It is very unlikely that the ice cracked the cold plate, because the ice builds up from the plate surface outward as water condenses on it and freezes. In order to generate any force on the plate you would need to start with a volume of liquid water which could freeze and expand. There is no place on the plate that would hold a puddle of water big enough to do this.
I can imagine a scenario involving melting, refreezing, and trapped water that could theoretically put pressure on the plate but it seems about as likely as a small meteorite crashing into the fridge. Which come to think of it sounds like the best thing that could happen to it.
Really, the only way a cold plate or freezer coil ever gets physically damaged is by the user attempting to physically remove the ice buildup with a pointy tool.
If the cold plate did spring a leak, the particular dangers depend on the type of refrigerant, but practically speaking, you are not likely to be badly harmed by a leaking home refrigerator, no matter how cheap it is.

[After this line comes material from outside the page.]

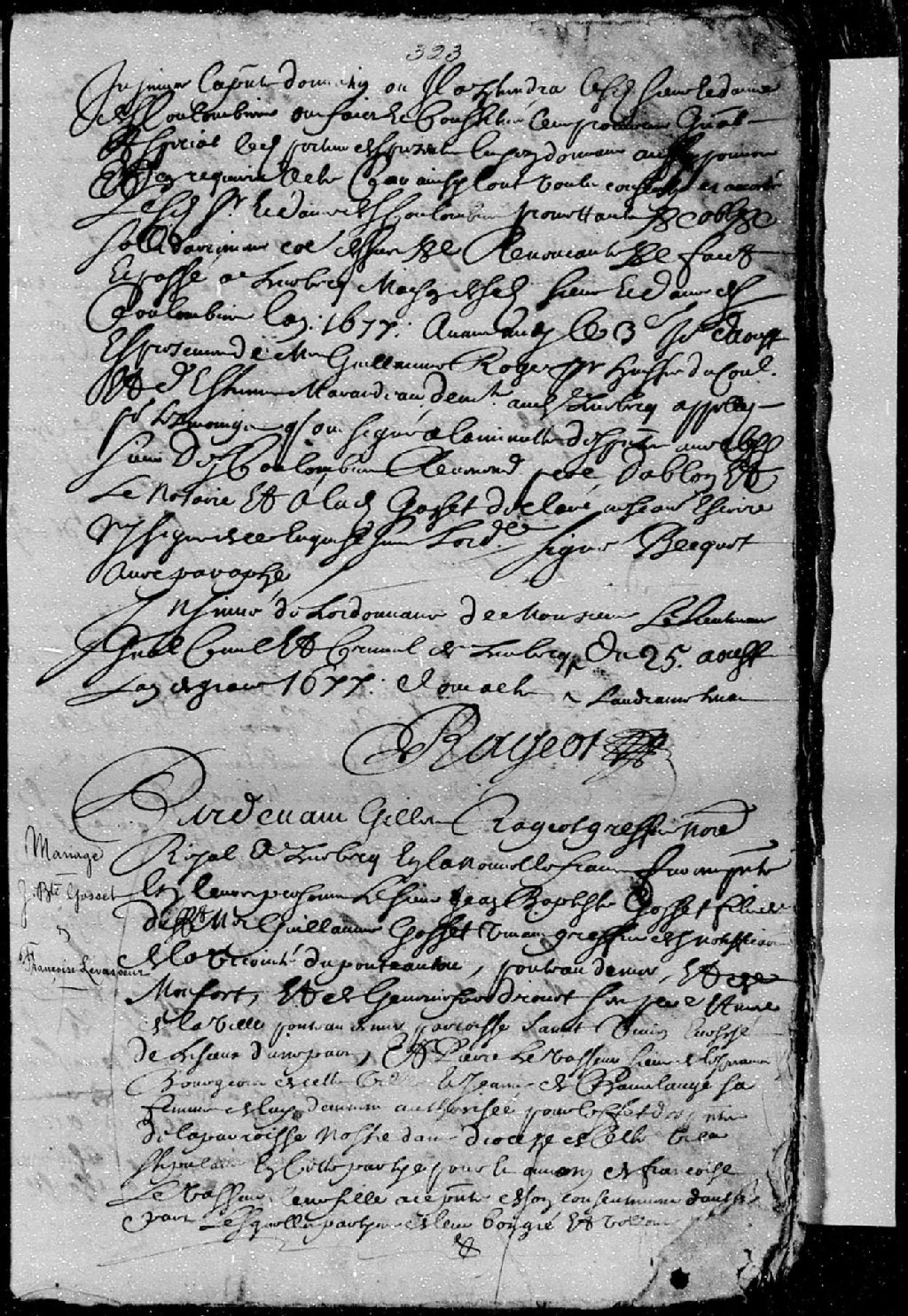 - La pièce se compose du mariage entre le sieur Jean-Baptiste Gosset, fils du feu maître Guillaume Gosset, de son vivant greffier et notaire de la vicomté du Pont-Audemer et de Monfort, et de Geneviève Drouet, ses père et mère de la ville de Pont-Audemer en la paroisse de Saint-Vivien en l'évêche de Lisieux, et Françoise LeVasseur, fille de Pierre LeVasseur, sieur de Lespérance, bourgeois de Québec, et de Jeanne de Chaverlange, ses père et mère de la paroisse Notre-Dame de Québec, lesdits sieur et dame LeVasseur stipulant pour leur fille absente, sont présent monsieur le comte de Frontenac, conseiller du Roi en son Conseil, gouverneur et lieutenant général pour Sa Majesté en Nouvelle-France, messire Jacques Duchesneau, chevalier, seigneur de la Poussinière (Poupinière) et d'Ambraud (d'Ambrault), conseiller du Roi en ses Conseils d'État et privé, intendant de justice, police et finance en Nouvelle-France, les sieurs Dupont et Damours, conseillers au Conseil souverain en Nouvelle-France, Louis-Théandre Chartier, écuyer, sieur de Lotbinière, conseiller du Roi en son Conseil, lieutenant général civil et criminel à Québec, demoiselle Élizabeth Damours, son épouse, demoiselle Françoise Charlier (Chartier), Bertrand Chesnay (Chenay), sieur de la Garenne (LaGarenne), bourgeois de Québec, les sieurs Marin, Petit, Caddé et Charon (Charron), marchands et bourgeois de Québec, amis des futurs époux, Adrien Michelon et Jacques Turet, demeurant à Québec, sont témoins.

Quote from a worksafe site http://www2.worksafebc.com/i/posters/2013/ws_13_10.html:
"Some refrigerants, such as ammonia, are very toxic. They are defined as toxic process gases under Part 6 of the Occupational Health and Safety Regulation. Other refrigerants, known under the trade name Freon, are non-toxic. These include refrigerants such as R-22 and R-410A."
The good news is: your fridge is noisy so it must have a compressor, so it probably uses R-410A instead of ammonia. The bad news is: your fridge is noisy so it is probably about to become TU very soon.
If your fridge leaked at the cold plate, and if the refrigerant was toxic, and if some of the toxic refrigerant was trapped in the ice buildup, the ice might become toxic. You don't need to worry about this because since (a) R-410A is not toxic, and (b) you are not stupid enough to eat the ice buildup from a cheap refrigerator.
To answer the question you didn't quite ask, the thing is likely just completely worn out.
If the box has been slowly getting warmer then ice buildup could be the cause. You could try unplugging it and letting the ice melt (takes maybe 12 hours) and then plugging it in again to see if the cold plate even gets cold anymore.
But if the failure to cool was sudden, then the plumbing has sprung a leak or the compressor has packed in. Or both. What often happens to a refrigerator is this. The circulating fluid contains not only refrigerant but also lubricant for the compressor. A slow leak reduces the pressure in the system until very little heat is pumped, and very little fluid is circulated. The compressor is forced to work longer and harder with less lubrication and eventually burns out its seals or just breaks.
My rule for deciding to fix or discard is this. If the failure was characterized by a long slow decline followed by a complete failure, junk the fridge and replace it. If it failed suddenly without warning, turn it off so it doesn't tear itself up. then try to fix it.
Best Answer
Test the compressor
Your compressor is going to look something like this
To test the windings, you'll first have to remove the "box" where the wires connect.
WARNING: There's likely a capacitor in here. Take care not to let the capacitor discharge into you.
Once you've go that out of the way, you should see three pins/terminals. They'll typically be arranged in a triangular pattern.
One terminal will be start, one will be run, and the other will be common. To determine if the windings are still good, you'll simply test the resistance between each terminal.
NOTE: Your readings may vary.
You should end up with something like this.
This tells me that the top pin is common, the lower left is start, and the lower right is run. It also tells me the compressor is still good. The reading from start, to run should always be the largest reading. The readings between start and common, and run and common should total up to the reading from start to run.
If the values are way off, or you get infinite resistance between the pins, replace the compressor.
If the compressor checks out, you'll want to make sure it's getting power.
Check the power to the compressor
After reassembling the compressor, plug the refrigerator back in. Set the refrigerator to a setting that should cause the compressor to come on. Using a multimeter set to volts AC (VAC), carefully probe the two wires connected to the compressor. You should measure ~120 volts.
If you get the proper reading, you'll likely have to replace the relay and/or capacitor. If you don't get ~120 V, the problem is in the control circuitry.
Mechanical failure
If everything checks out, there's still the possibility that the compressor is seized. In which case, you'll have to replace the compressor.